Zu den früheren Projekten ist im Bereich der elektronischen Rechnung vor allem das elektronische Rechnungsformat ZUGFeRD zu nennen, das durch die enge Zusammenarbeit mit Frankreich auch international wirkt.

Ein Highlight, auch mit klarem Mehrwert für die Verwaltungen, sind auch die Arbeitskreise, die sich mit Digitalisierungskompetenzen oder dem Einsatz von Künstlicher Intelligenz (KI) beschäftigen. In diesem Zusammenhang stand auch das sehr erfolgreiche Web-Event zum 95-jährigen Bestehen der AWV unter dem Motto „Facing AI – KI ein Gesicht geben“. Explizit thematisiert wurde im Rahmen des Events auch der Einsatz von KI in der öffentlichen Verwaltung. Das macht deutlich, dass die AWV da ansetzt, wo sich praktische Fragen der Zukunftsgestaltung stellen: Ohne die Förderung von Digitalkompetenz werden wir nicht in die Breite der Verwaltung kommen und man muss sich auch mit dem Einsatz von KI praxisorientiert und umfassend beschäftigen, denn die kundenorientierte Neugestaltung und Automatisierung unserer Verwaltungsabläufe ist erst der erste Schritt in die Zukunft.
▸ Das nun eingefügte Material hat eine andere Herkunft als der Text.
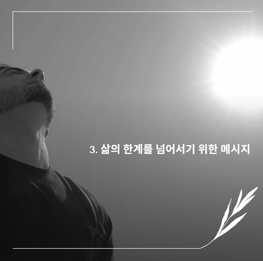 고통 속에서도 희망을 발견하고, 그 희망을 나누는 길은 우리 모두에게 열려 있습니다. 여러분도 지금 겪고 있는 어려움 속에서 의미를 찾고, 그 의미를 통해 더 강한 자신을 만들어 보세요. 희망은 포기하지 않을 때 반드시 찾아옵니다.
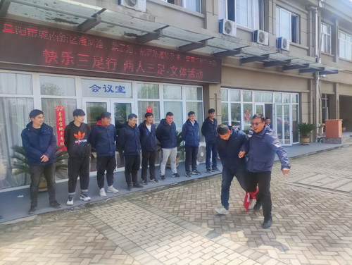 为丰富职工的业余文化生活,增强员工的凝聚力,加深同事间的交流与团结,培养员工的团队协作能力,发扬公司的企业文化精神,阜阳市西湖产学研创智区基础设施工程路网建设工程项目部于3月31日举办“快乐三足行”两人三足趣味文体活动。
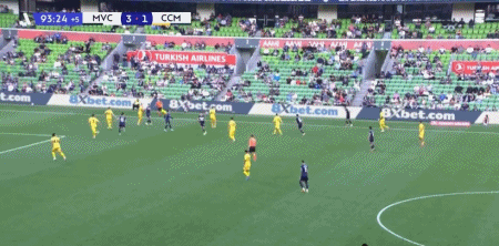 第90+4分钟,让罗横传,戴维森推射破门再下一城,墨尔本胜利4-1
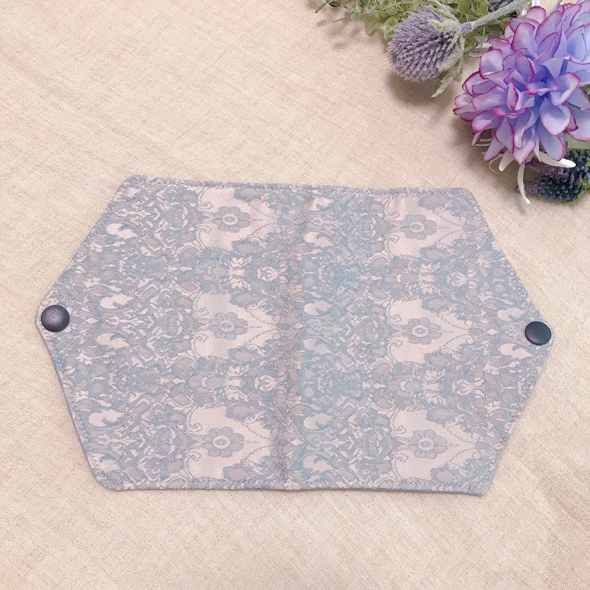 【送料無料】大きめ マスクケース マスクポーチ マスク仮置きケース レース柄 ブルーグレー

Werner Schmidt: Veränderungsprozesse im politischen Umfeld können langwierig sein. Man braucht einen sehr langen Atem. Von den ersten Ideen bis hin zu deren konkreter Umsetzung kann es Monate bis hin zu Jahren dauern. Die Erfahrungen aus der Vergangenheit zeigen, dass man sich beim Bürokratieabbau langsam, aber sicher vorantasten muss, um langfristige und nachhaltige Veränderungen bewirken zu können. Ein anschauliches Beispiel hierfür ist die elektronische Lohnsteuererklärung ELSTER: Zwölf Jahre Arbeit sind der Abschaffung der Papier-Lohnsteuerkarte vorausgegangen...

Ein Highlight meiner bisherigen AWV-Amtszeit war sicher die Begleitung der Einführung des einheitlichen Euro-Zahlungsverkehrsraums SEPA. Hier hat sich ganz konkret gezeigt, dass die AWV nicht nur seitens des Gesetzgebers und der Ministerien, sondern auch von der Wirtschaft als neutrale Mittlerin wahrgenommen wird, einen guten Treffpunkt für beide Seiten geboten hat und alle Beteiligten dazu beitragen wollten, die Sache gemeinsam voranzubringen und nicht einseitige Interessen zu vertreten.

Zu den aktuell bedeutsamen Themen zählt sicher die elektronische Arbeitsunfähigkeitsbescheinigung (eAU), deren Realisierung konstruktiv von der AWV mit begleitet wird.